Stokes noted that the cost purchasing power from PURPA projects impacts rate payers.  He said if the RECs were attached to the renewable power they purchased, their value would be passed along to rate payers.

But would a change in the law affect plans for new renewable projects?  Does having access to the RECS they generate make renewable projects more marketable?  Richardson noted that the revenue stream from selling the RECS separate from the energy helps other states fulfill their renewable energy obligations under their renewable energy standards portfolios,and keeps small energy developers solvent.

Idaho Business Review will publish a complete story of the round table discussion in its March 23rd issue.

Friday, February 17, 2012

PUC shares PURPA primer and an overview of Renewable Energy Credits



On Valentine’s Day, Idaho Public Utilities Commissioners Marsha Smith and Paul Kjellander briefed the House Environment, Energy & Technology Committee with some background information on the Public Utilities Regulatory Policies Act (PURPA) and Renewable Energy Credits (REC).
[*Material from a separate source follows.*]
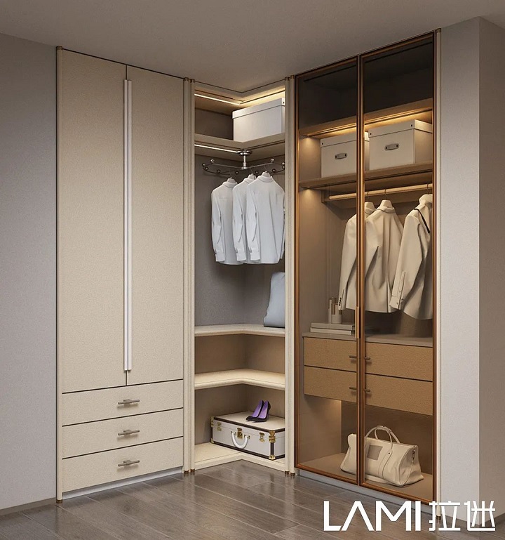 柜體安裝自動開合阻尼器,45°切角,開合自帶緩沖,靜音無聲更安全。

Commissioner Smith discussed PURPA which was passed in 1978 to encourage conservation of electric energy and to promote greater use of domestic renewal energy   The law forced regulated monopoly electric utilities to buy power from other small producers of renewable energy.  The Federal Energy Regulatory Commission (FERC) delegated primary authority to the states.

There are two classed of generation facilities:  small production facilities (like small hydro projects) and co-generation facilities that produce electric power and heat.  Utilities must purchase the power at avoided costs from the generating facilities.

FERC still has primary jurisdiction.  One important factor is what it would cost the utility to build or buy a project; however avoided cost does not take into account federal or state tax credits.  FERC does the rates for wholesale power and the states do the rates for retail sales.

If the utility buys power, the cost is passed through to the ratepayers.  If the utility builds the power source, the cost is passed on through the rates as well as a 10% rate of return.

Commissioner Kjellander reviewed renewable energy credits (RECs) which exist with or without PURPA.  A REC is a piece of paper which represents the equivalent of 1 mw pf power that has been generated by a renewable energy source.  RECs can be sold separately from the project or decoupled.  The question is whether the producer owns the REC or the utility which buys the power gets the REC.

RECs are important when a state has a renewable portfolio standard (RPS) which mandates that utilities must produce a certain amount of power from renewable sources.  Utilities in states with an RPS comply by showing that they are holding enough RECS to meet the standard.

Customers can choose to buy renewable power without a renewable portfolio standard.  The project that produces that power can sell the RECs to someone who needs to comply with an RPS.  RECS are traded through direct transactions or through a broker.  A REC can be used only once.